II Le morphème de en qualité de déterminant
On peut relever le morphème de en qualité de terminant à l’intérieur de deux expressions :
(l.5) d’affaires et (l.1) de restes. Il s’agit ici de deux morphèmes qui entrent dans une
construction négative et ont la valeur de partitifs.
CONCLUSION
On peut voir dans ce texte une belle représentation des catégories auxquelles peut appartenir
le morphème de c’est-à-dire prépositions ou déterminants et expressions lexicalisées ou non.
b. faites les remarques nécessaires sur : « Je n’ai jamais vu qu’elle en qui la vivacité suppléât
le jugement »
remarque n°1 :
la première remarque porte sur l’utilisation du passé composé ou du passé simple, en effet à
l’époque du cardinal de Retz il existait une règle appelée la règle des 24 heures qui régissait
l’emploi du passé simple et du passé composé.
Quand l’auteur relate un fait qui date de moins de 24 heures par rapport au moment de
l’énonciation il doit utiliser le passé composé. Tout ce qui se passe il y a plus de 24 heures par
rapport au moment de l’énonciation est relaté au passé simple.

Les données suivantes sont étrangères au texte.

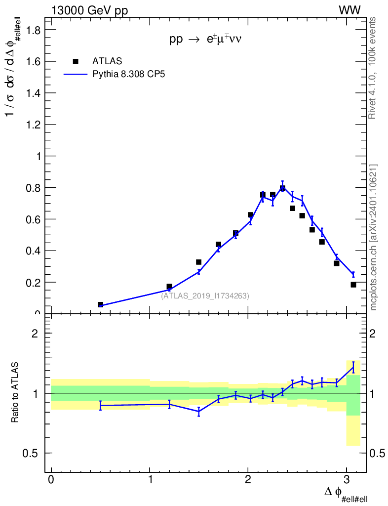Lines: data, pythia8 8.308 CP5 |

Mais cette gle a été assouplie, tous les événements du passé devaient être relatés au passé
simple sauf s’ils entretenaient un rapport avec le présent de l’énonciation. on ignore ici si le
cardinal de Retz se plie ici à cette règle car le genre des mémoires induit l’emploi du passé
composé puisque les éléments relatés entretiennent une relation directe avec l’énonciation.
Remarque n°2
On peut relever la présence d’une tournure restrictive qu’elle.
Remarque n°3
Il s’agit de comprendre la valeur du pronom clitique de troisième personne elle.

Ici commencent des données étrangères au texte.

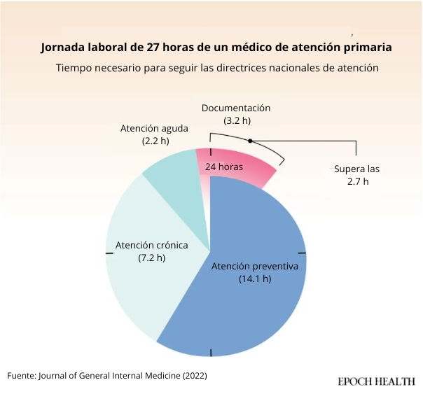 Según las directrices nacionales de atención médica, se necesitarían casi 27 horas diarias de un médico de atención primaria, más de lo que permite una jornada laboral completa. (The Epoch Times)Los pacientes notan la presión. Millones de personas salen de las consultas sin tener claro lo que les han dicho o qué pasos deben seguir a continuación. Un estudio de simulación de 2022 publicado en la revista *Journal of General Internal Medicine* estimó que, para prestar toda la atención preventiva, crónica y aguda recomendada en las guías a todos sus pacientes, un médico de atención primaria necesitaría 27 horas al día.

Ce clitique de troisième personne a pour référent dans le texte une première mention qui est
Mme de Chevreuse on a ici une relation anaphorique. L’apparition de elle valide une relation
entre Mme de Chevreuse et le pronom.
Remarque n°4
Le relatif apparaît dans une tournure particulière qui est tout à fait courante à l’époque
classique : en qui. Cette tournure pouvait même désigner un non humain.

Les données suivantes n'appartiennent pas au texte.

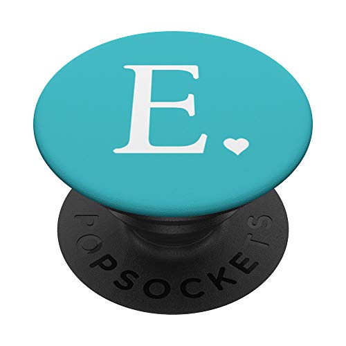 Heart, White Letter E Initial Monogram, Baby Blue, Teal Cute PopSockets Grip and Stand for Phones and Tablets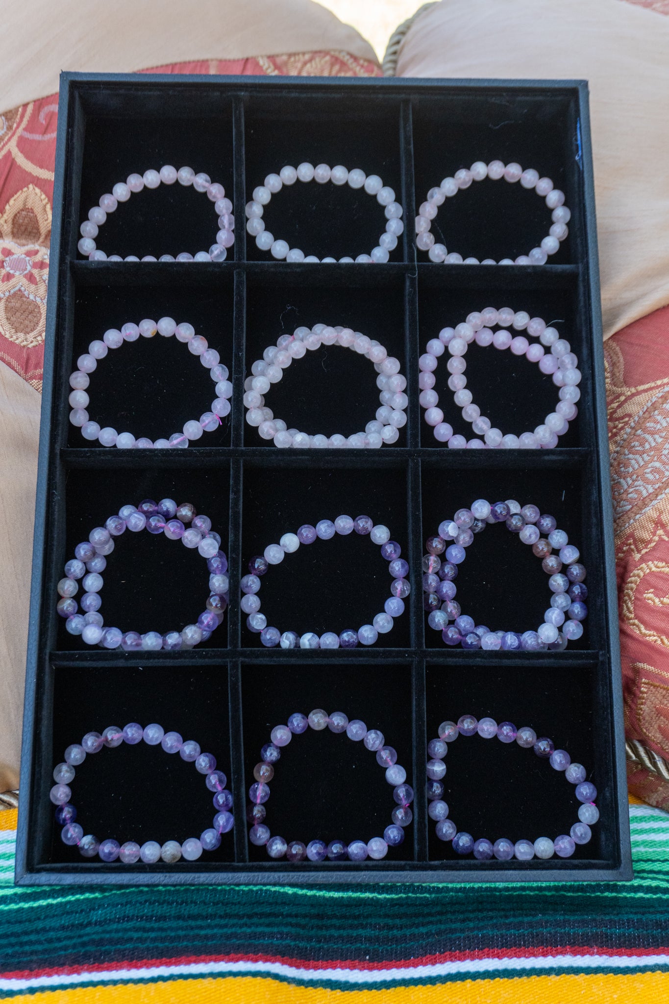 Each bracelet features polished amethyst beads known for their calming properties. Embrace tranquility and elevate your look with this versatile accessory. Perfect for yourself or as a thoughtful gift.

Qu’elle en qui [kεlãki] on a ici une cacophonie proscrite dans les arts poétiques de l’époque.
Remarque n°5
Cette remarque porte sur la construction du verbe suppléer. Ici on peut remarquer qu’il est
employé en construction transitive directe alors qu’en français moderne l’emploi s’effectue en
construction transitive indirecte, entre les deux on peut relever une légère variation
sémantique.
Remarque n°6
On peut travailler sur les modes et les temps verbaux, en effet le verbe de la principale est un
temps du passé ( passé composé de l’indicatif) or une règle classique spécifie que s’il y a un
temps du passé dans la principale, on doit employer un temps du passé dans la subordonnée,
on évoque ainsi deux actions concomitantes. Dans la subordonnée l’emploi de la restrictive
qu’elle entraîne l‘emploi du subjonctif, ici on a choisi l’imparfait du subjonctif pour relater
une action en cours d’accomplissement.
3. Stylistique
Introduction
Le cardinal de Retz s’appelait Jean-François de Gondi et a vécu une grande partie du
XVIIe siècle, ses Mémoires ne sont publiées qu’au début du XVIIIe siècle vers 1717, il s’agit
donc d’une œuvre posthume. Il est un ecclésiastique animé de toutes les passions humaines,
très porté sur le beau sexe, ambitieux, il est étroitement lié aux intrigues nouées par la Fronde.
Il est arrêté sur l’ordre de Louis XIV, il s’enfuit et se réfugie à Rome, puis en Allemagne et en
Hollande. Il rentre en France après la mort de Mazarin en 1661 et démissionne de
l’archevêché de Paris. Il termine sa vie à Commercy après avoir raconté une partie de sa vie
dans ses Mémoires. Il est célébré comme un des grands orateurs de son temps. Mme de
Chevreuse est née en 1600 et morte en 1679, elle n’a eu que deux maris mais beaucoup
d’amants, elle était notamment la maîtresse du duc de Lorraine. Le cardinal de Retz fait ici le
portrait de cette femme, un portrait essentiellement psychologique qui illustre toute la
subjectivité de l’énonciateur qui est le témoin direct des éléments qu’il expose, il s’agira ici de
relever les distorsions éventuellement introduites par la subjectivité de l’auteur. On pourra
dans un premier temps examiner les procédés référentiels et la construction du portrait, puis il
s’agira de comprendre en quoi ce portrait est unilatéral, enfin on s’intéressera à l’écriture elle-
même, à cette plume trempée dans le vitriol.